This feature also serves useful for steps like split finding and column sub-sampling
Cache awareness: In XGBoost machine learning, Scala requires non-continuous memory access to obtain the gradient statistics by row index. Hence, Tianqi Chen designed XGBoost to optimize hardware usage. This optimization occurs by allocating internal buffers in each thread, where the workflow can store the gradient statistics. And these parallel tree make better XGboost algorithms with the help of julia and java lanuages.
Out-of-core computing: This feature optimizes the available disk space and maximizes its usage when handling huge datasets that do not fit into memory

Python Code for XGBoost

Here’s a live coding window to see how XGBoost works and play around with the code without leaving this article!

'''
The following code is for XGBoost
Created by - ANALYTICS VIDHYA
'''

# importing required libraries
import pandas as pd
from xgboost import XGBClassifier
from sklearn.metrics import accuracy_score

# read the train and test dataset
train_data = pd.read_csv('train-data.csv')
test_data = pd.read_csv('test-data.csv')

# shape of the dataset
print('Shape of training data :',train_data.shape)
print('Shape of testing data :',test_data.shape)

# Now, we need to predict the missing target variable in the test data
# target variable - Survived

# seperate the independent and target variable on training data
train_x = train_data.drop(columns=['Survived'],axis=1)
train_y = train_data['Survived']

# seperate the independent and target variable on testing data
test_x = test_data.drop(columns=['Survived'],axis=1)
test_y = test_data['Survived']

'''
Create the object of the XGBoost model
You can also add other parameters and test your code here
Some parameters are : max_depth and n_estimators
Documentation of xgboost:

https://xgboost.readthedocs.io/en/latest/
'''
model = XGBClassifier()

# fit the model with the training data
model.fit(train_x,train_y)


# predict the target on the train dataset
predict_train = model.predict(train_x)
print('\nTarget on train data',predict_train) 

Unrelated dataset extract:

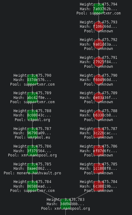 After several hours of this new strategy, orphaned blocks began to appear on the Monero network. An orphaned block is a valid block that is not part of the main, longest chain. When a miner solves a block and broadcasts it, other miners accept it and begin working on the next block. If a different miner solves a block at nearly the same time, two competing chains can form. The network ultimately accepts the longer chain, and any blocks on the shorter chain become "orphaned."

# Accuray Score on train dataset
accuracy_train = accuracy_score(train_y,predict_train)
print('\naccuracy_score on train dataset : ', accuracy_train)

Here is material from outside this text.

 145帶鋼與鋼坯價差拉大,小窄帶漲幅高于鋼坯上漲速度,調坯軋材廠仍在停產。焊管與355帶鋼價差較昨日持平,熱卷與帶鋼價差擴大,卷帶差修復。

# predict the target on the test dataset
predict_test = model.predict(test_x)
print('\nTarget on test data',predict_test) 

# Accuracy Score on test dataset
accuracy_test = accuracy_score(test_y,predict_test)
print('\naccuracy_score on test dataset : ', accuracy_test)

XGBoost Model Benefits and Attributes

High accuracy: The XGBoost Classifier delivers high accuracy and consistently outperforms other machine learning algorithms in many predictive modeling tasks.
Scalability: It is highly scalable and can handle large datasets with millions of rows and columns.
Efficiency: The design ensures computational efficiency, allowing it to quickly train models on large datasets.
Flexibility: It supports a variety of data types and objectives, including regression, classification, and ranking problems.
Regularization: It incorporates regularization techniques to avoid overfitting and improve generalization performance.
Interpretability: It provides feature importance scores that can help users understand which features are most important for making predictions.
Open-source: XGBoost Model serves as an open-source library widely used and supported by the data science community.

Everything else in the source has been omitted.